◆ **Goal of the exercise**
Could you transcribe exactly the lines below, from the line with "立体的な造形が美しい錦鯉と、" through the line with "İnegöl AVM karşısında", and nothing else, leaving out the pictures?

Excerpted records Block Start

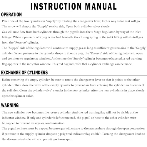 ?????2-Stage Auto Changeover LP Propane Gas Regulator?This 2-Stage regulator can be connected to 2 propane tanks at the same time and automatically switches from primary to reserve tank when primary is empty and The indicator will changes color to let you know when a tank has been depleted and needs to be refilled also remind you switching to the backup tank. For RVs with dual propane tanks allow removal of Allows removal of empty cylinder for refill without interrupting propane supply.
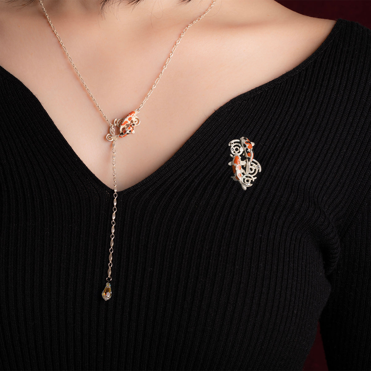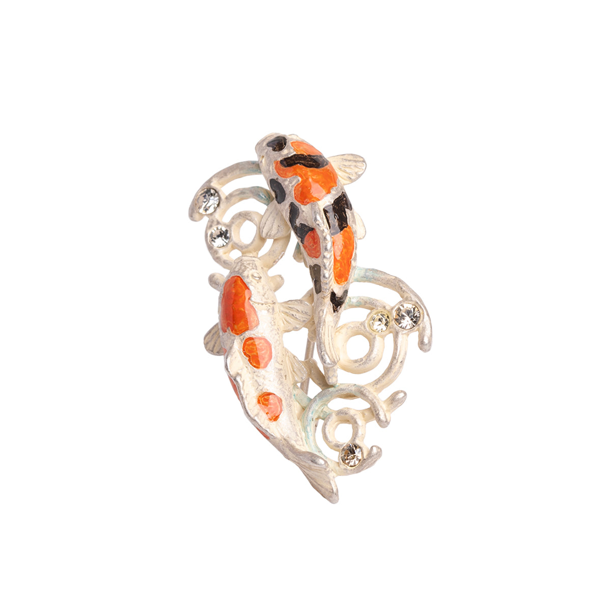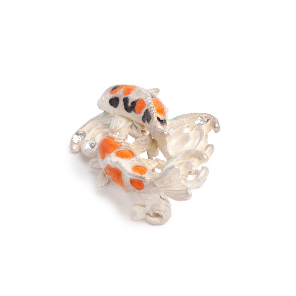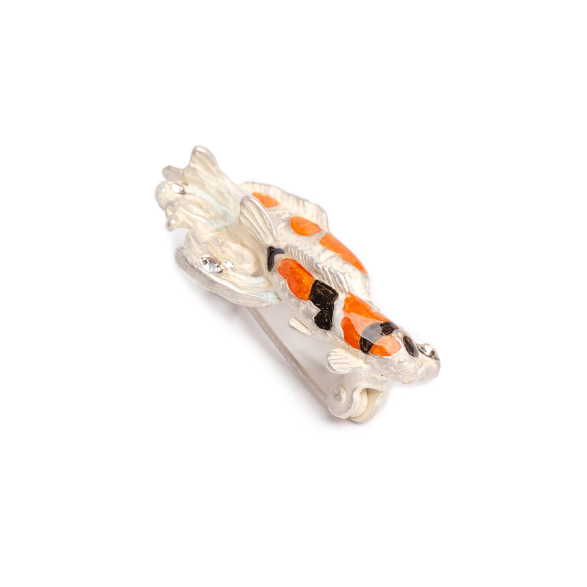 立体的な造形が美しい錦鯉と、静かにゆらめく水面を文様のような水紋で表現した、魅力的なアクセサリーです。
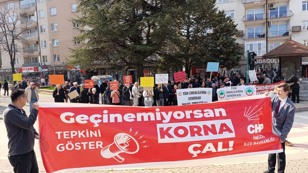 İnegöl AVM karşısında düzenlenen eylemde CHP yönetimi ve üyeleri ellerinde "Geçinemiyoruz. Tepkini göster, korna çal", "Bu maaşla olmaz", "Zam var, insaf yok" yazılı dövizler taşıdılar.
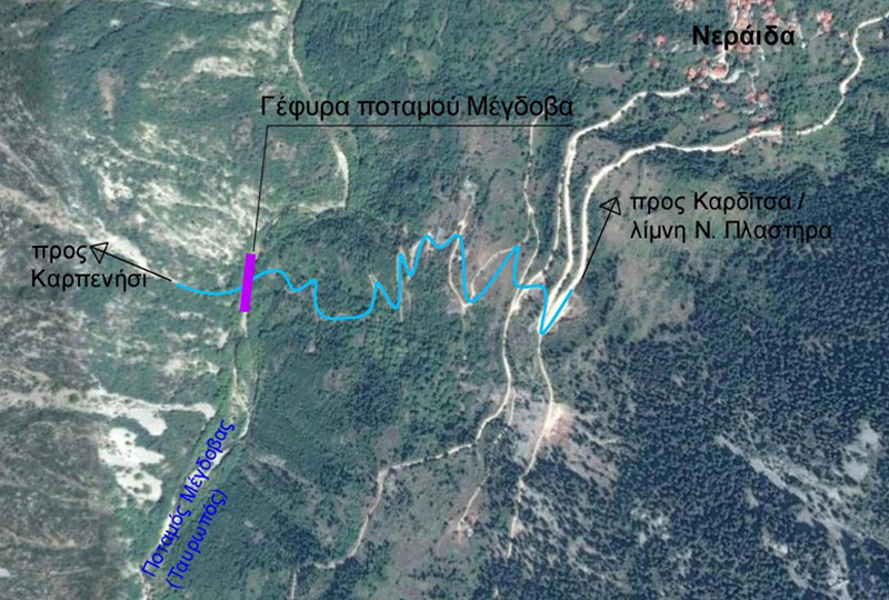 «Η Δ/νση Τεχνικών Έργων Περιφέρεια Θεσσαλίας έχει εκπονήσει μελέτη με αντικείμενο τη γεφύρωση του ποταμού Μέγδοβα στο επαρχιακό οδικό δίκτυο του Νομού Καρδίτσας. Η αρχή του έργου χωροθετείται στην έξοδο του οικισμού Νεράιδας και το πέρας του στην γεφύρωση του ποταμού Μέγδοβα. Το συνολικό μήκος είναι περίπου 8,1 χλμ. Στην παρούσα σύμβαση εξετάστηκε σε επίπεδο οριστικής μελέτης οδός μήκους 1,13 χλμ και συγκεκριμένα στην περιοχή γεφύρωσης του ποταμού Μέγδοβα, ενώ το υπόλοιπο σε επίπεδο προμελέτης .Επίσης αντικείμενο της μελέτης ήταν και η οριστική μελέτη της γέφυρας. Με την Απόφαση 6266/24-12-2018 / ΔΤΕ Περιφέρεια Θεσσαλίας έγινε η έγκριση και η παραλαβή της εν λόγω μελέτης.
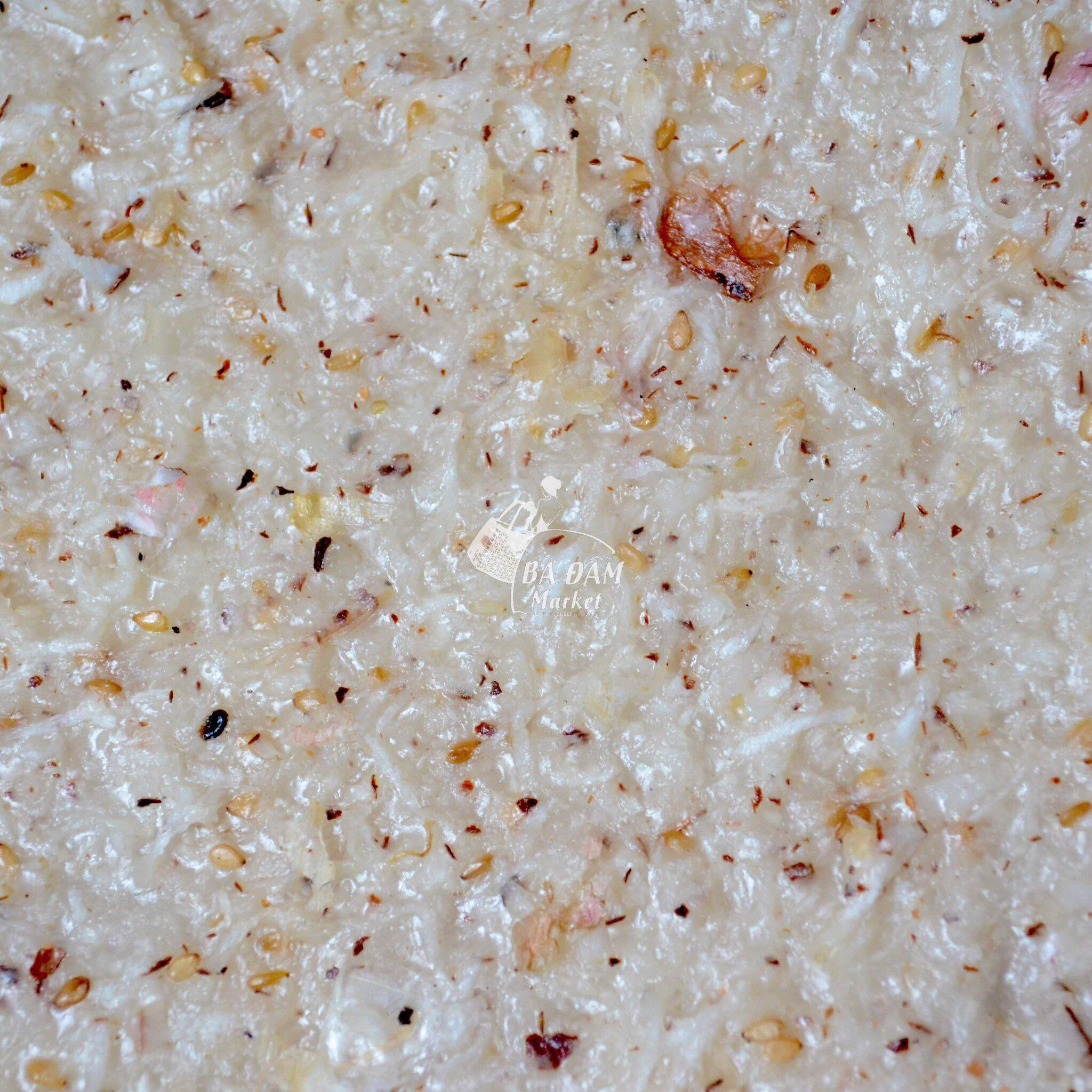Thành phần: bột sắn (củ mì), cơm dừa sợi, nước cốt dừa, mè trắng, muối hột, hành tím, tiêu hạt

Excerpted records Block End

◆ **Answer section**
 立体的な造形が美しい錦鯉と、静かにゆらめく水面を文様のような水紋で表現した、魅力的なアクセサリーです。
 İnegöl AVM karşısında düzenlenen eylemde CHP yönetimi ve üyeleri ellerinde "Geçinemiyoruz. Tepkini göster, korna çal", "Bu maaşla olmaz", "Zam var, insaf yok" yazılı dövizler taşıdılar.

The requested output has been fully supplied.